What are the specific performance metrics used in AI and ML to assess time series models before and after accounting for expected drift?

In the context of AI and machine learning, specific performance metrics commonly used to assess time series models include Mean Absolute Error (MAE), Mean Squared Error (MSE), Root Mean Squared Error (RMSE), as well as more sophisticated metrics like Mean Absolute Percentage Error (MAPE) and Symmetric Mean Absolute Percentage Error (sMAPE). These metrics are crucial for evaluating the accuracy of forecasts by comparing the predicted values generated by the model to the actual values observed in the time series data. Both before and after accounting for expected drift, these metrics help in quantifying the effectiveness of the model, guiding data scientists in LLM (Large Language Models) and ML in refining and improving their forecasting algorithms by highlighting discrepancies between predicted and observed outcomes.

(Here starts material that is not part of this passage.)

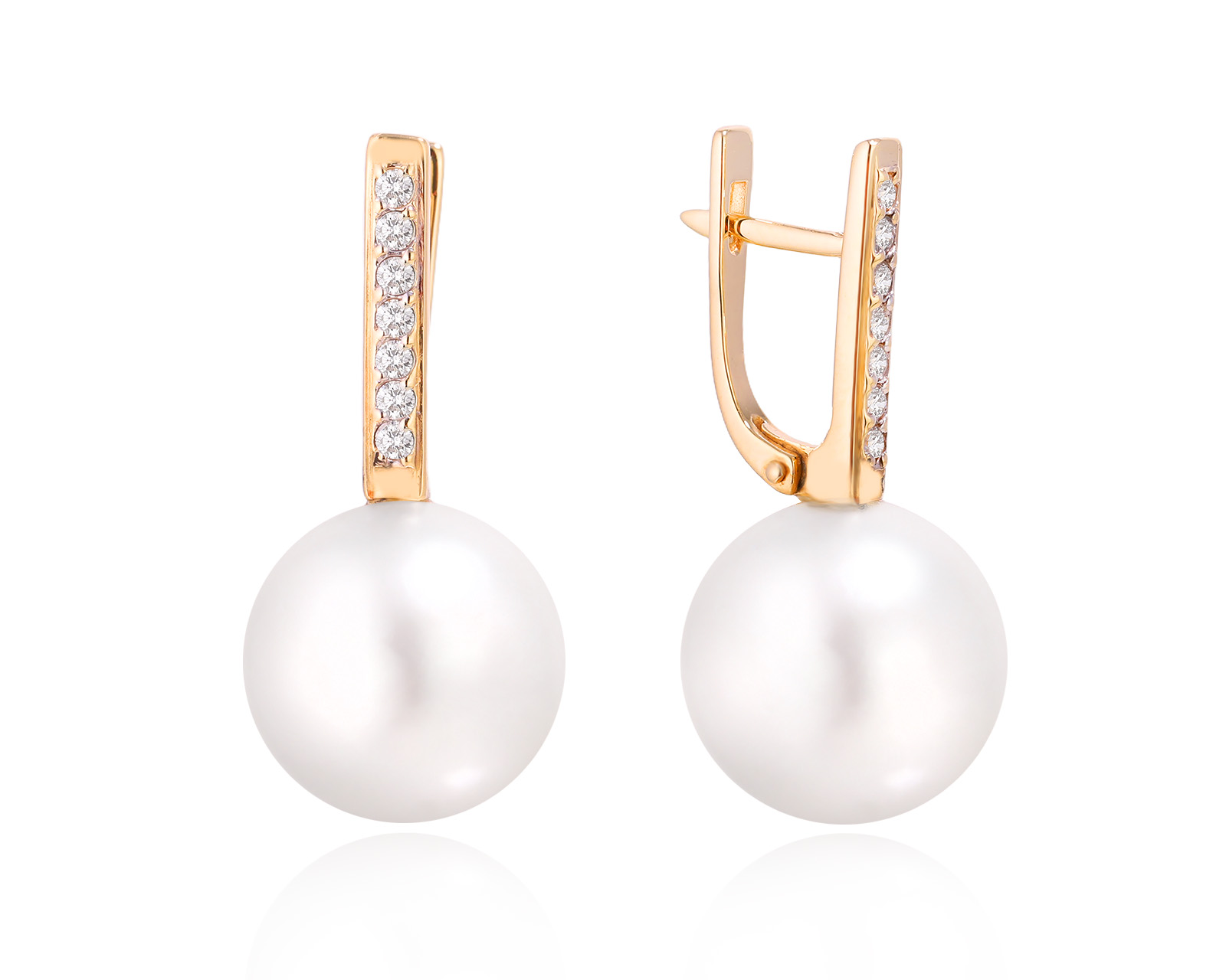 Романтичные золотые серьги с жемчугом 10.00 мм 111021/6

In the realm of ML and AI, how does one quantify the level of acceptable drift before deciding to retrain a time series model?

Quantifying the level of acceptable drift in the realm of machine learning and artificial intelligence before deciding to retrain a time series model involves setting precise threshold values for data drift metrics. This process is influenced by historical model performance, industry benchmarks, or the specific objectives of the ML forecasting task. A sensitivity analysis can be particularly useful in understanding the effects of various levels of drift on the predictive performance of the model, a common practice in AI. Once these thresholds are established, exceeding them indicates that the model's predictions are losing accuracy, suggesting a need for retraining. This approach, crucial in the lifecycle of ML models, helps balance the costs associated with model updates against the potential risks of using outdated predictions.

What are the limitations or challenges associated with using the Darts package for addressing nonstationarities in time series data within ML and AI frameworks?

The Darts package, while a valuable tool in the ML and AI toolkit for addressing nonstationarities in time series data, presents certain limitations such as computational demands, especially when dealing with extensive datasets or intricate time series. The complexity might deter users new to Python or those unfamiliar with advanced time series analysis techniques common in AI research. While Darts offers a range of functionalities for decomposing and modeling time series data, its applicability might not extend to all types of nonstationary data or might not always be the most efficient approach, particularly for datasets characterized by high irregularity or noise. Additionally, integrating Darts within broader ML and AI pipelines can present challenges, especially when those pipelines employ different programming languages or are structured in unique computational environments.